# Feeling Out Of Sorts



## deadfrednc (Jun 3, 2015)

So Maybe this seems odd to some people but I feel like people here can relate. I'm a workaholic and love building... Well anything I have the resources to build. I bought an atlas 10 lathe from a friend of mine thinking "well I'll probably use it once in awhile it'll just be nice to have when I need it". This is my first and only piece of machining equipment. I have found it to be the most used tool in my shop more so than any hand tool even. I put several hours a week on it. Well two nights ago while playing around turning a brass taillight housing for a motorcycle just to see if I could it happened. The carriage stopped and would not budge. I turned the auto feed off and tried the hand wheel still nothing. 
	

		
			
		

		
	



This is what I found tonight. Even though I think this will be a fun project I was not ready to lose my favorite tool. I'm hoping to have it back up and going soon but as I dig deeper into this I find other things that need attention as well. That being said I hope to square this machine up and be capable off turning out better parts by the time I'm through.

Richard


----------



## mzayd3 (Jun 4, 2015)

Maybe try to reverse the lead screw, or unscrewing it.  Hopefully the teeth are still intact.

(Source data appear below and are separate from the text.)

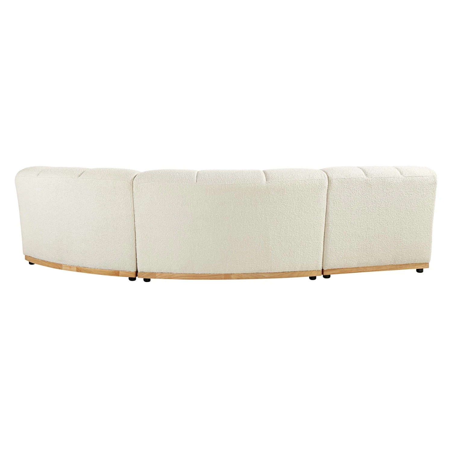 - Upholstered with beautiful ecru boucle fabric, the sofa modules are mounted on natural solid wood bases.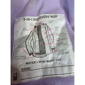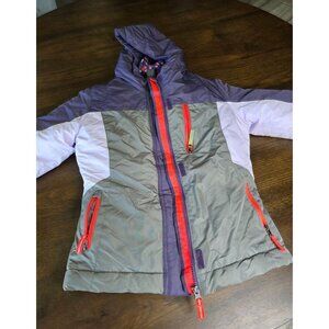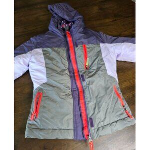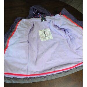 Girls Purple & Gray Hooded Winter Jacket With Polka Dot Lining Red Zippers & Fle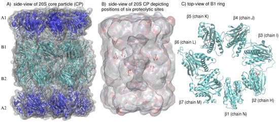 The 20S proteasome CP was modeled using the PDB 5CZ4 structure (2.30 Å resolution) [5]. The structure consists of 28 subunits; (1-7), (1-7), (1-7), and (1-7). Here, the two outer rings will be given the notation and ; the inner two rings will be denoted as and . The subunits of the outer rings will accordingly be denoted with lowercase while the subunits of the inner rings, and , are denoted with . The 28 subunits have corresponding chain labels, as assigned in the PDB [5], A–Z and a and b; these help further distinguish them, and they are listed in Table A1 for clarity [5].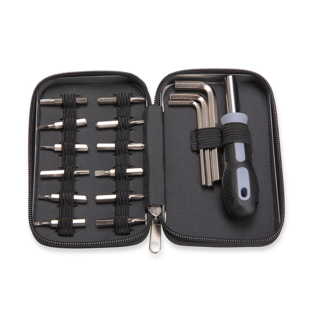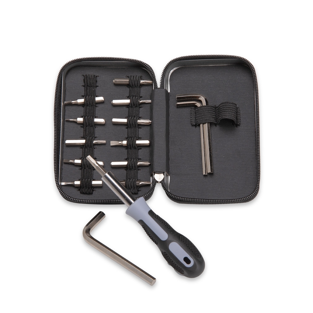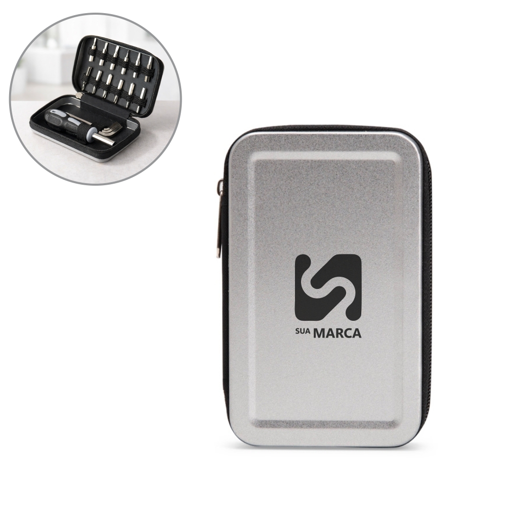 Kit de ferramentas com 16 peças em aço carbono. O conjunto apresenta uma chave porta-bits com ponta magnética, cabo ergonômico em plástico polipropileno (PP) e TPE, 3 chaves L com pontas hexagonais e 12 bits em tamanhos diferentes, incluindo 4 com ponta Phillips, 4 em fenda, 2 Torx e 2 em Allen. Acompanha estojo em aço estanhado com bordas em Oxford e fechamento em zíper.

Sent from my iPhone using Tapatalk


----------



## rafe (Jun 4, 2015)

Yeah, now you need a mill.....to make that part ....That's how it starts....I feel your pain It's not as bad as it may seem though I think you can find that part on E-bay used, perhaps you could even braze the ears back on ....I'm not sure about the quality of the metal and brazing though, perhaps others will advise on that. I had the screw and nut fail on my cross slide and was able to make the repair on the lathe manually with some ingenuity.... I have the head stock opened up for some work as I write , they do need periodic maintenance and repairs. Good luck and regards


----------



## tomh (Jun 4, 2015)

Richard
That is a common problem with that model lathe. 
Go to yahoo groups, craftsman lathes,  and there is a thread where someone built one. ( I cant find it but it is there)
Also clausing  still sells parts for the craftsman/atlas lathe.   Ask for jo 
A new one will be better than an old one as the metal will be better and stronger. Aluminum  verses the original  zamak
Go to OWWM they have manuals and parts breakdownfor them.
Hope this helps
Tomh


----------



## The Liberal Arts Garage (Jun 9, 2015)

tomh said:


> Richard
> That is a common problem with that model lathe.
> Go to yahoo groups, craftsman lathes,  and there is a thread where someone built one. ( I cant find it but it is there)
> Also clausing  still sells parts for the craftsman/atlas lathe.   Ask for jo
> ...


Since this where we are supposed to talk about non- machining
thoughts,  I would like to note again, how kind and wise a group we seem to be.
       ..........BLJHB


----------



## deadfrednc (Jun 13, 2015)

Yea I suppose your right about this being a non machining section. It was a bit more of a rant honestly lol. Regardless I spoke with a gentleman yesterday that is in process of making a machined replacement part and I hope to use my machine as the "guineapig" for the prototype which is great. I'm excited to see what he does.


----------